Эти строки С. Есенина — очарованное эхо гумилевских строк:

«Что ты видишь во взоре моем,

В этом бледно мерцающем взоре?» —

«Я в нем вижу глубокое море

С потонувшим большим кораблем».

Е. Винокуров, эрудит и поэт военной судьбы, когда-то обратил мое внимание на то, что самая знаменитая строка минувшей войны, симоновское «Жди меня и я вернусь» — рефрен, который полстраны молитвенно шептало в окопах, а вторая половина, словно экстрасенсы, пыталась силой вну­шения остановить смертельный полет пули — так вот эта строка, оказывается, перефразировала гумилевское:

                    Жди меня. Я не вернусь.

«Пожалуй, у Гумилева это сказано сильнее»,— резюмировал Винокуров.

Помню свое волнение от прочтения первой гумилевской строфы. Я был в девятом классе. По веяниям тех лет в нашу школу стали захаживать профессор и аспирант с фил­фака МГУ, чтобы вербовать абитуриентов. «Что там твой Пастернак — ты Гумилева почитай»,— высокомерно сказал мне аспирант и дал на ночь запретную брошюрку «Огненный столп», где на мелованной бумаге мерцали, как промытый жемчуг, слова. Меня, воспитанника трамвайных подножек, поразила и унесла траектория «Заблудившегося трамвая». Любви к Пастернаку это не поколебало, но, наверное, я учился классичности формы и у мэтра акмеизма. Вообще Гумилев, кстати, как и Лермонтов, особо любим в подростко­вом возрасте.

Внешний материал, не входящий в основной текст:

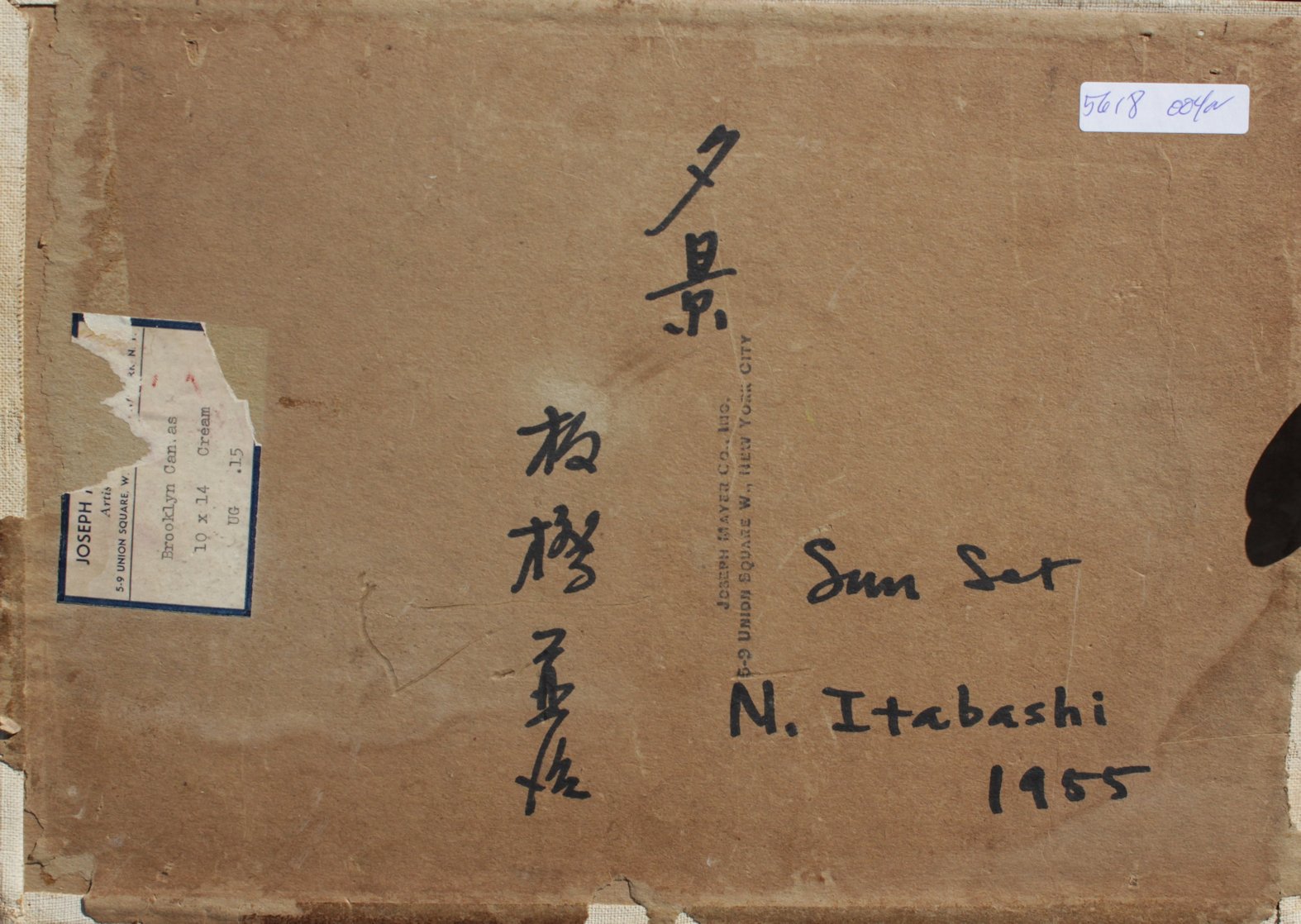 MODERNIST ITABASHI JAPANESE LANDSCAPE PAINTING: OIL/BOARD, 10'' x 14'', unframed, signed in Japanese verso and titled N. Itabashi.

Ныне, слава Богу, Гумилев переиздан у нас, но мы должны поклониться тем, кто сохранил Слово его,— и прежде всего покойному Г. П. Струве, издавшему в Вашингтоне четы­рехтомник поэта, подобного которому при всей нашей гласно­сти и кооперативности нет до сих пор у нас. Мне довелось видеть Г. П. Струве в годы, когда тот готовил III том собрания, приходилось бывать и читать у него в Беркли; помню, теперь уже благоговейно, платиновую воробьиную бородку этого российского интеллигента, ключаря культуры.

А вот несколько солдафонское воспоминание-рапорт штабс-капитана В. А. Карамзина, который был сослуживцем поэта по 5-му Александрийскому гусарскому полку в 1916 году.

«На обширном балконе меня встретил совсем мне не знакомый по полку офицер и тотчас же мне явился. «Прапорщик Гумилев»,— услышал я среди других слов явки и понял, с кем имею дело. Командир полка был занят, и мне пришлось ждать, пока он освободится. Я присел на балконе и стал наблюдать за прохаживавшимся по балкону Гумилевым. Должен сказать, что уродлив он был очень. Лицо как бы отекшее, с сливообразным носом и довольно резкими морщинами под глазами. Фигура тоже очень невыигрышная: свислые плечи, очень низкая талия, малый рост и особенно короткие ноги. При этом вся фигура его выражала чувство собственного достоинства.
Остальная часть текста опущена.